Basic cybersecurity audit of a Microsoft domain

The Active Directory (Active Directory) is a critical component in the infrastructure of many organizations, used to manage resources and users in environments Windows. The Active Directory audit is essential to ensure the network security and data integrity. Next, starting from assumed commitment that a domain user has been breached, we will explore the main attack vectors that we must identify:

1. Privilege Escalation Local

But not is always necessary, it is highly recommended to start with permissions administration on the attacking machine. In this way the use of tools It will be much more comfortable. To do this you can use tools such as PowerUp, WinPeas or SeatBelt among others, to identify paths that allow a escalation to local administrator.

2. Password Policies

A politic weak password can be useful for carrying out passwordspraying attacks (this must be done carefully so as not to block accounts) or for the subsequent cracking of identified hashes. Furthermore, if there is no blocking policy after failed attempts, it would be possible to brute force against the entire domain without fear of blocking user accounts.

3. Identify secrets in shared folders.

Once If you have a domain user, it is recommended to list the folders shared files that you have access to (for example, with smbclient). In Occasionally, documents can be identified that contain some type of credential, which may be valid or serve as a starting point for guess other passwords.

4. Identification of systems obsolete operations

Must be verify that out of support operating systems are not being used and/or outdated. This type of equipment can be very useful, since it is highly likely to have exploitable vulnerabilities with exploits public. Even if they are not relevant objectives, accessing them can be interesting to obtain the credentials they have stored. Is very It is important to notify the IT manager that you are going to use exploits, in case these could cause a drop in the company's service.

5. Account identification privileged

Is very interesting to carry out an initial enumeration process in which identify the target accounts that allow the entire amount to be committed domain. During this enumeration phase, not only the accounts of Domain admin, but it is also important to identify accounts with permissions special ones that allow movements to be carried out in the domain. In points Next we will see why this is important.

6. Identification and Abuse accounts with Constrained Delegation

At a point Previously it was indicated that it was necessary to identify accounts with permissions high, as this is a specific type of privileged account. These can have delegated to them the power to impersonate any user of the domain for a series of specific services. Thanks to this, if it is achieved compromise an account with constrained delegation, it is possible to impersonate to any user for Windows services like host, RPCSS, http, wsman, cifs, ldap, krbtgt or winrm.

8. Identification and Abuse ofUnconstrained Delegation

This is another type of high-interest privileged account. These accounts are authorized to receive and store TGT (Ticket Granting Ticket) of kerberos of any account. That is why, by accessing them, it would be possible to extract the tickets stored in them. On the other hand, it is also possible to forced authentication attacks on this machine, that is, forcing any domino machine to authenticate against the unconstrained machine engaged. In this way, the new victim (the domain controller, for example) example) would send a copy of your TGT to the unconstrained machine, being possible interception.
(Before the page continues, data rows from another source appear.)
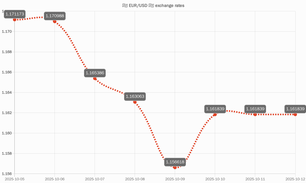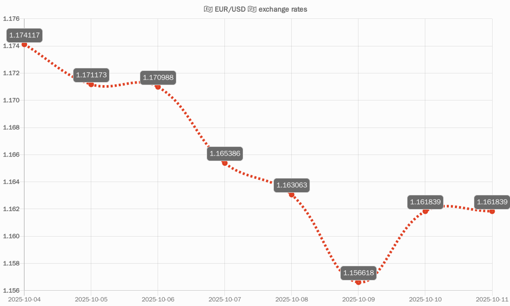 Today's EUR/USD exchange rate: 1 EUR = 1.161839 US-Dollar ⬇️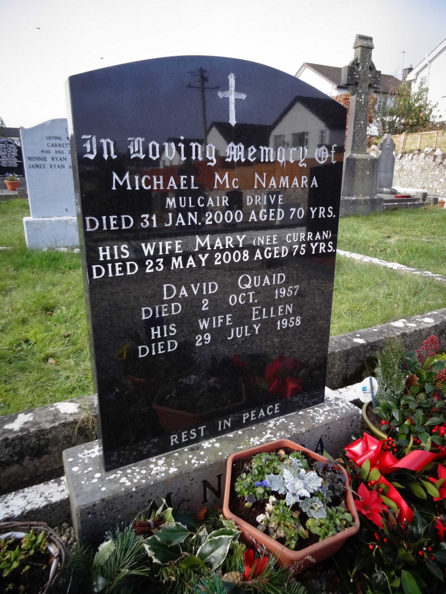 IN LOVING MEMORY OF MICHAEL McNAMARA MULCAIR DRIVE DIED 31 JAN. 2000 AGED 70 YRS. HIS WIFE MARY (NEE CURRAN) DIED 23 MAY 2008 AGED 75 YRS. DAVID QUADE DIED 2 OCT. 1957 HIS WIFE ELLEN DIED 29 JULY 1958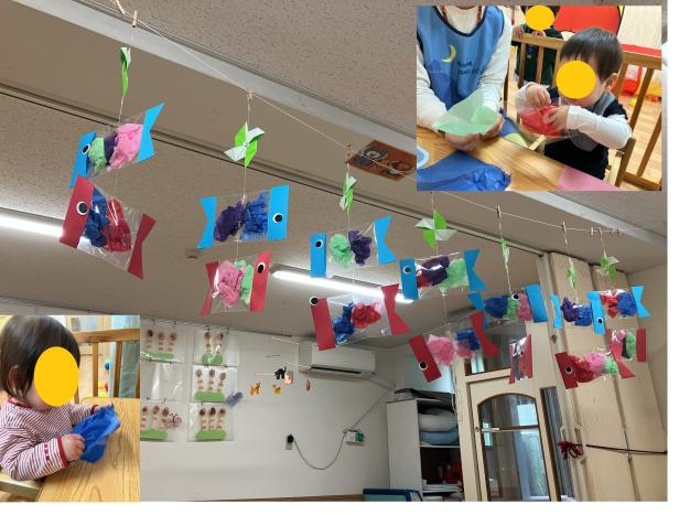 色とりどりのこいのぼりがお部屋をおよいでいます☆

9. Identify and Abuse DCSync permissions

We continue with interesting privileged accounts. In this case it is necessary to identify accounts with DCSync permissions, that is, accounts that have DS-Replication-Get-Changes-All permissions and DS-Replication-Get-Changes. If we manage to compromise a credential With these permissions, we can carry out a DCSync attack, or what is same, pretend that we are a domain controller that wants to synchronize its database (ntds.dit) with that of the real domain controller. This way All domain hashes would be obtained, including those of the Domain Admin.
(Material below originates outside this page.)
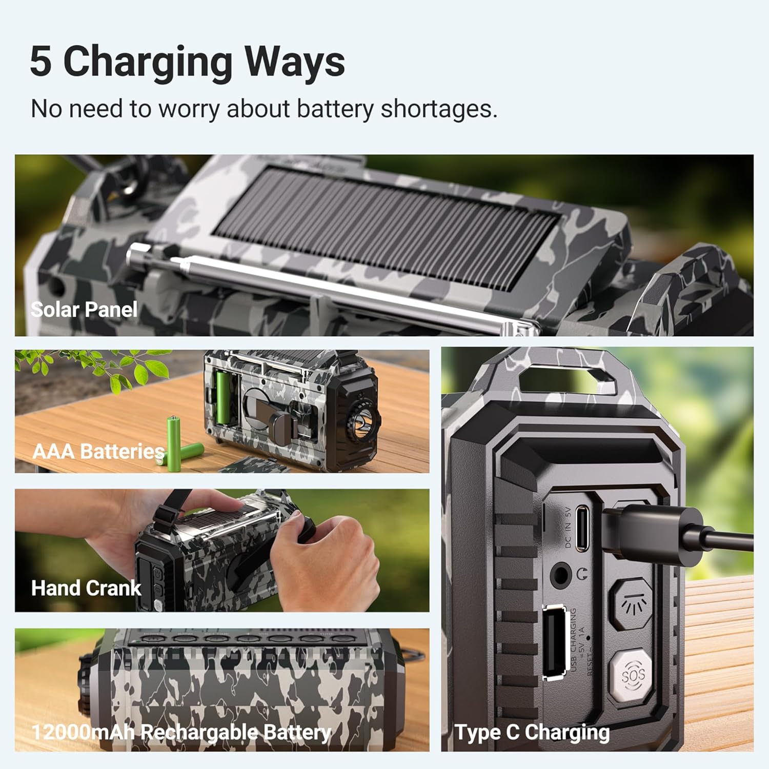 • Пет режима на зареждане и захранващи ръчки: преносимо радио чрез Type-C кабел, соларен панел, AAA батерия (не е включена), вградена батерия с голям капацитет или ръчна манивела. Тъй като слънчевият панел е малък и служи основно за удължаване на живота на батерията, е много трудно устройството да се зареди напълно само със слънчева енергия. В случай на спешност или когато няма електричество на открито, можете да използвате ръчната манивела за аварийно зареждане. Зареждането чрез Type-C е най-ефективният и бърз начин за зареждане на това радио при ежедневна употреба.

10. Identify and AbuseResource-Based Constrained Delegation

Yes like Attackers can identify an account with “GenericWrite” permissions or “GenericAll” over “ActiveDirectoryRights”, will mean that this account has the ability to grant constrained delegation permissions to any domain account. This means that, if we compromise this account, We can indicate that any account on the domain can request TGSs (Ticket Guarantee Service) for services on any machine in the domain, including our main target: the domain controller.

11. Identify and Abuse Vulnerable Certificate Templates

This type of attack is based on using tools like certify or certipy to identify vulnerable certificate templates in the CA (certificate corporate authority. There are a number of vulnerable scenarios possible, which allow an attacker to request certificates on behalf of others users, for example, from a Domain Admin or from any account privileged.